SOURCE MATERIAL =
[Start of Attachment]

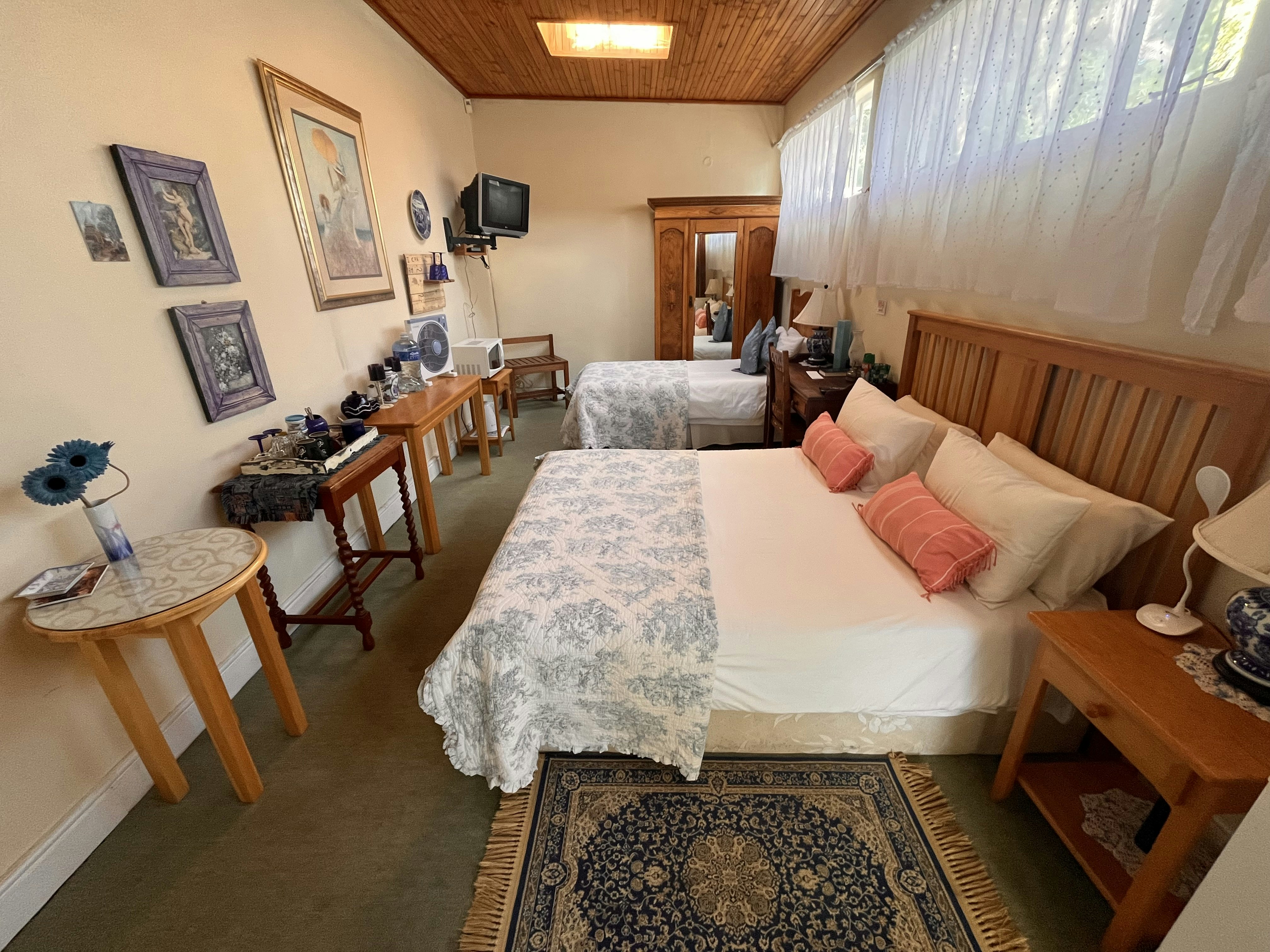 Die akkommodasie bestaan uit 8 stylvolle en volledig gemeubileerde kamers met en suite-badkamers. Elke kamer het sy eie ingang wat direk na die binnehof lei. Geriewe in die kamer sluit 'n TV met DStv-kanale en koffie- en teemaakgeriewe in. Ontbyt word daagliks voorgesit en die vriendelike personeel, Katie en Freda, sal seker maak jy begin jou dag op 'n hoë noot.
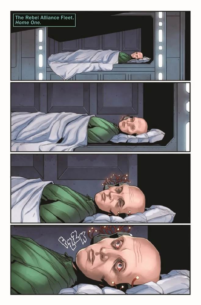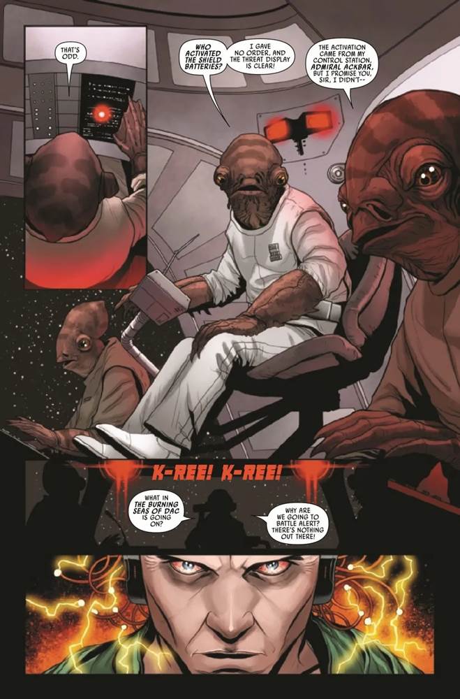 Star Wars #37 begins with Lando Calrissian’s cyborg pal Lobot waking up from his slumber aboard the Rebel Alliance’s Mon Calamari flagship Home One. His cybernetic implants start going haywire and suddenly the ship’s systems are stripped from the controls of Admiral Ackbar and his subordinates. When Lando is awoken by the subsequent alarms, he finds Lobot in a state of hypnosis and must smash the cyborg’s implants to get the ship’s functions to return to normal. One covert meeting with a 2-1B medical droid later, and Lando learns that the implants are reverting back to their old Imperial programming, though for now this is seemingly unrelated to the Scourge’s droid invasion as seen in the pages of Dark Droids #1. So Lando comes up with a plan to return to Jabba’s Palace on Tatooine with Lobot, and have the ancient “Talky" droid (see previous issues of this volume of Star Wars for more on that) repair the cyborg’s implants, hopefully bringing Lobot back to his old personality. Unfortunately this requires Calrissian to mislead some of the Rebel Alliance leaders who have put their trust in him, including Princess Leia Organa, even more than he already has been.
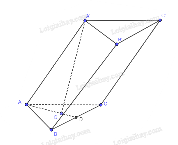 A’.ABC là chóp tam giác đều nên A’G vuông góc với (ABC). Suy ra A’G là chiều cao của hình lăng trụ

[End of Attachment]

EXERCISE GOAL = Once the pictures are set aside, repeat the data above exactly as written.

ANSWER BOX =
 Die akkommodasie bestaan uit 8 stylvolle en volledig gemeubileerde kamers met en suite-badkamers. Elke kamer het sy eie ingang wat direk na die binnehof lei. Geriewe in die kamer sluit 'n TV met DStv-kanale en koffie- en teemaakgeriewe in. Ontbyt word daagliks voorgesit en die vriendelike personeel, Katie en Freda, sal seker maak jy begin jou dag op 'n hoë noot.
 Star Wars #37 begins with Lando Calrissian’s cyborg pal Lobot waking up from his slumber aboard the Rebel Alliance’s Mon Calamari flagship Home One. His cybernetic implants start going haywire and suddenly the ship’s systems are stripped from the controls of Admiral Ackbar and his subordinates. When Lando is awoken by the subsequent alarms, he finds Lobot in a state of hypnosis and must smash the cyborg’s implants to get the ship’s functions to return to normal. One covert meeting with a 2-1B medical droid later, and Lando learns that the implants are reverting back to their old Imperial programming, though for now this is seemingly unrelated to the Scourge’s droid invasion as seen in the pages of Dark Droids #1. So Lando comes up with a plan to return to Jabba’s Palace on Tatooine with Lobot, and have the ancient “Talky" droid (see previous issues of this volume of Star Wars for more on that) repair the cyborg’s implants, hopefully bringing Lobot back to his old personality. Unfortunately this requires Calrissian to mislead some of the Rebel Alliance leaders who have put their trust in him, including Princess Leia Organa, even more than he already has been.
 A’.ABC là chóp tam giác đều nên A’G vuông góc với (ABC). Suy ra A’G là chiều cao của hình lăng trụ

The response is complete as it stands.